I got pulled to the eating disorder unit.

I don’t even have that much to say about it. But apparently it affected me.

They were all so thin. Much thinner than I am (or so I tell myself). A couple had had seizures from electrolyte imbalances. Many were committed.

Part of my job was “Eating Disorder Observation.” All eating disorder patients are automatically required to be on “standard” observation…which means that they must spend all of their waking time in the unit dayroom (or in groups when those are occurring).  After reaching a certain behavior level they may be considered for a different observation (meals + 2 hours or meals + 1 hour). A nursing assistant is required to be in the dayroom with them at all times–to “redirect.” Basically make sure they sit down at all times (and tell them to sit if they attempt to stand, walk, stretch, etc), don’t talk about food or weight, don’t jiggle their legs, sit on prescribed cushions/recliners if they have them.

I got to be that NA for a while. Oh joy. How can I stop them from jiggling their legs when I never stop it myself? How can I force them to sit down if I can’t do it myself?

But first let me say that on my unit, although it is a psych unit we also have very medically sick people, and I spend most of my shift in constant motion. So being pulled after 4 hours of that was a cataclysmic change. I sat on a 1:1 and read my book for a while, then sat on observation. And after 10 minutes or so I found myself reading the bulletin boards, wandering the halls within eyesight of the dayroom, looking at the whiteboard, re-reading all the bulletin boards, and generally just standing/pacing the whole time. damn. So I sat back down. And 5 minutes later was back at it. Even after all the patients had gone to bed I stood while I talked with the other NAs. One even told me to “sit down, relax a bit!” Was it that obvious?

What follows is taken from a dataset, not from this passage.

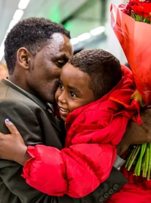 'Het weerzien met mijn gezin was in één woord fantastisch. Abel, mijn zoontje van zes jaar, vloog op me af. Toch moest mijn dochter Kokob wel even aan me wennen. Ze was anderhalf jaar toen ik haar voor het laatst zag, nu was ze vier. Op Schiphol was ze stil en teruggetrokken.'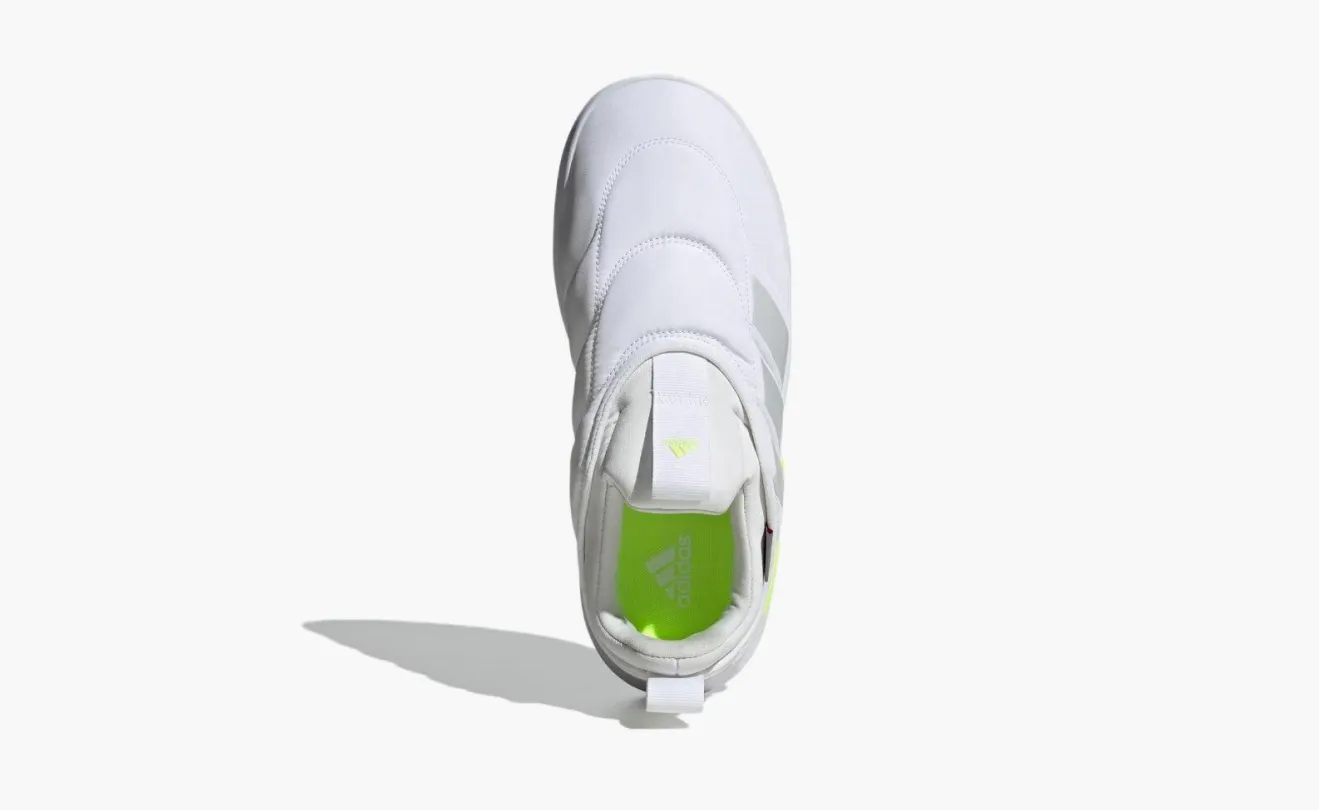 Кроссовки Adidas Adipuff — это модель в цветовом сочетании «white/lucid lemon» (белый и прозрачный лимонный), представляющая собой инновационный гибрид пуховика и обуви. Модель демонстрирует экспериментальный подход бренда к дизайну кроссовок.

I didn’t think it affected me. And while I was working it didn’t really sink it because my head was in “work” mode. I work from my doctor brain.

And then I left work. And immediately I was analyzing all the foods in my fridge. Why do I enjoy eating greek yogurt? It has so much fat and protein. And the peanut butter and nutella in my cupboard….It doesn’t matter that I don’t touch the jars, just the fact that I have such foods is a disgrace.

And it gave me a chance to tell myself that I don’t really have a problem. I’m not thin enough to be committed. It doesn’t matter that I’ve lost x lbs in the past year. It doesn’t matter that I have an actual-active-diagnosis of anorexia. My blood labs are always fine, I won’t have a seizure. Look at me, in grad school and working a full-time job, if I were really sick I wouldn’t be able to do that.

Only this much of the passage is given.